*** Given information Section Begins ***
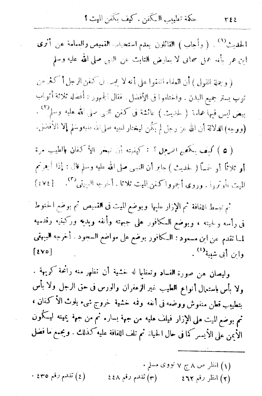 (5) كيف يكفن الرجل؟ كيفيته أن تبخر الأكفان بالطيب مرة أو ثلاثا أو خمسا (لحديث) جابر أن النبي صلى الله عليه وسلم قال: إذا أجمرتم الميت فأوتروا. وروى أجمروا كفن الميت ثلاثا. أخرجه البيهقى (¬3). {474}
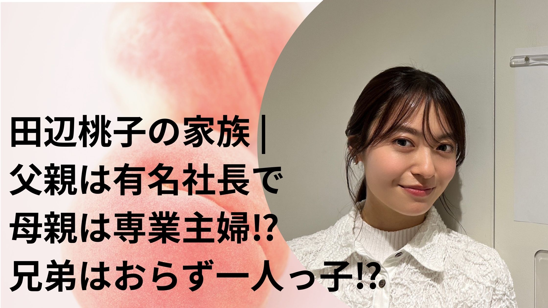 田辺桃子の家族 | 父親は有名社長で母親は専業主婦⁉兄弟はおらず一人っ子⁉
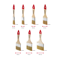Плоские универсальные кисти ТМ Столичная. Ширина щетины от 20 до 100 мм, толщина от 10 до 12 мм, смесь синтетического и натурального волокна. Бандаж из жести. Деревянная ручка с отверстием для подвеса. Произведены в Китае.
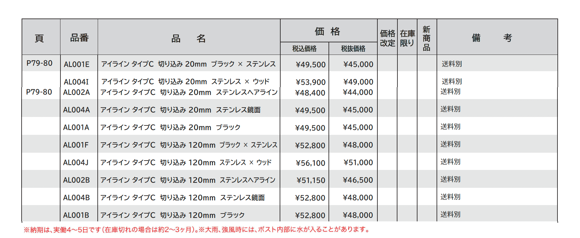 | 新旧品 | アイライン【2024年版】(エクステリア&ガーデンコレクション2023-2024) |
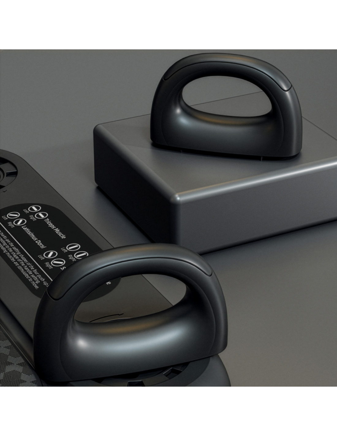 - Liegestütz-System: bewegliche, ergonomisch geformte Griffe mit mehreren Griffpositionen (eng, klassisch, breit, neutral) – bessere Aktivierung von Brust, Trizeps und Schultern.
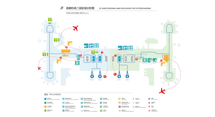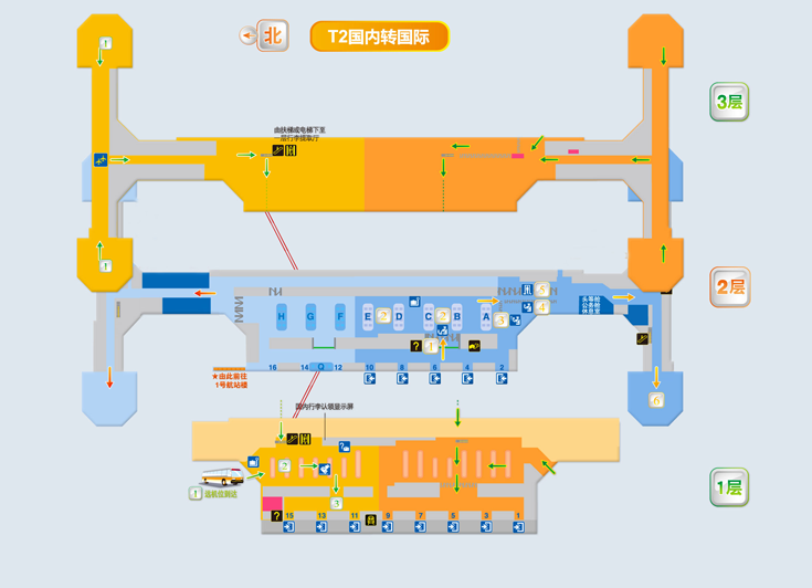 一层:国内、国际到达层。设有国内、国际旅客行李提取大厅,国际到达海关检查,国内-国际交叉中转区,国内远机位出发候机区,机场要客休息室,有连接桥通往交通中心。
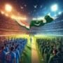 India vs Pakistan cricket match scene — stadium full of emotional fans, Pakistani supporters holding
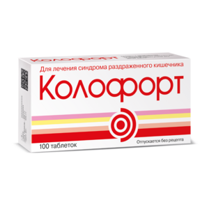 Таблетки плоскоцилиндрической формы, с риской и фаской, от белого до почти белого цвета. На плоской стороне с риской нанесена надпись MATERIA MEDICA, на другой плоской стороне нанесена надпись KOLOFORT.
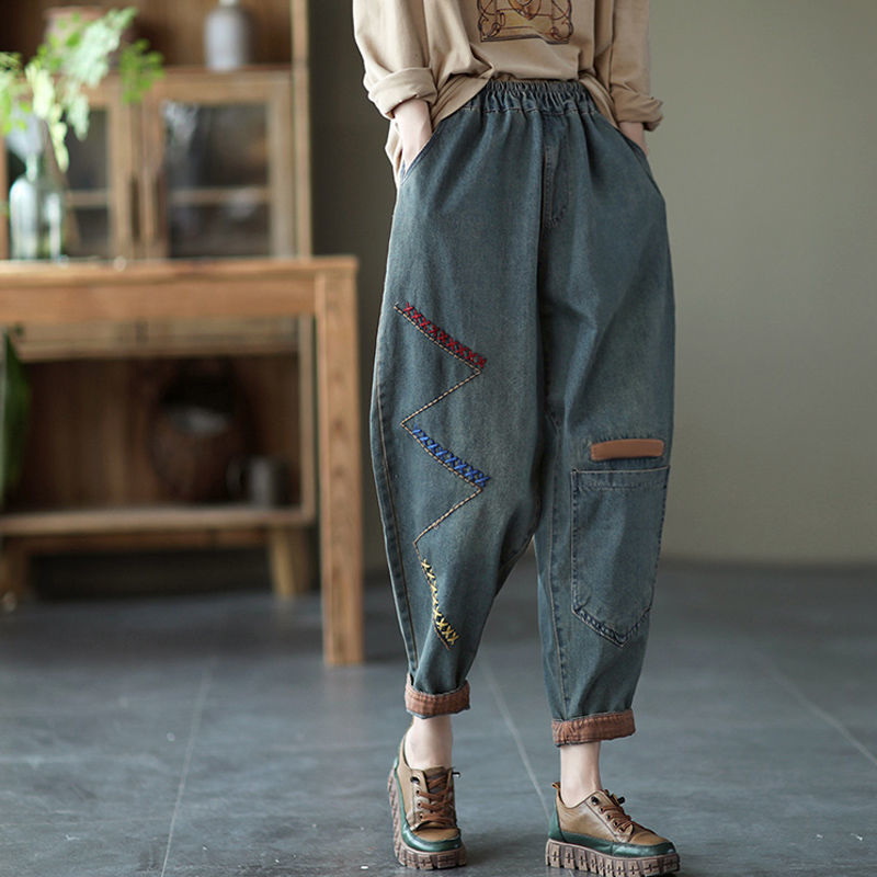 秋冬新品高腰刺绣牛仔裤女学生韩版宽松大码百搭萝卜裤哈伦裤
*** Given information Section Ends ***
▸ Task to complete
Output nothing except the lines from the one containing "Таблетки плоскоцилиндрической формы, с" through the final line of the entries, repeated exactly and free of pictures.

▸ Response to this exercise
 Таблетки плоскоцилиндрической формы, с риской и фаской, от белого до почти белого цвета. На плоской стороне с риской нанесена надпись MATERIA MEDICA, на другой плоской стороне нанесена надпись KOLOFORT.
 秋冬新品高腰刺绣牛仔裤女学生韩版宽松大码百搭萝卜裤哈伦裤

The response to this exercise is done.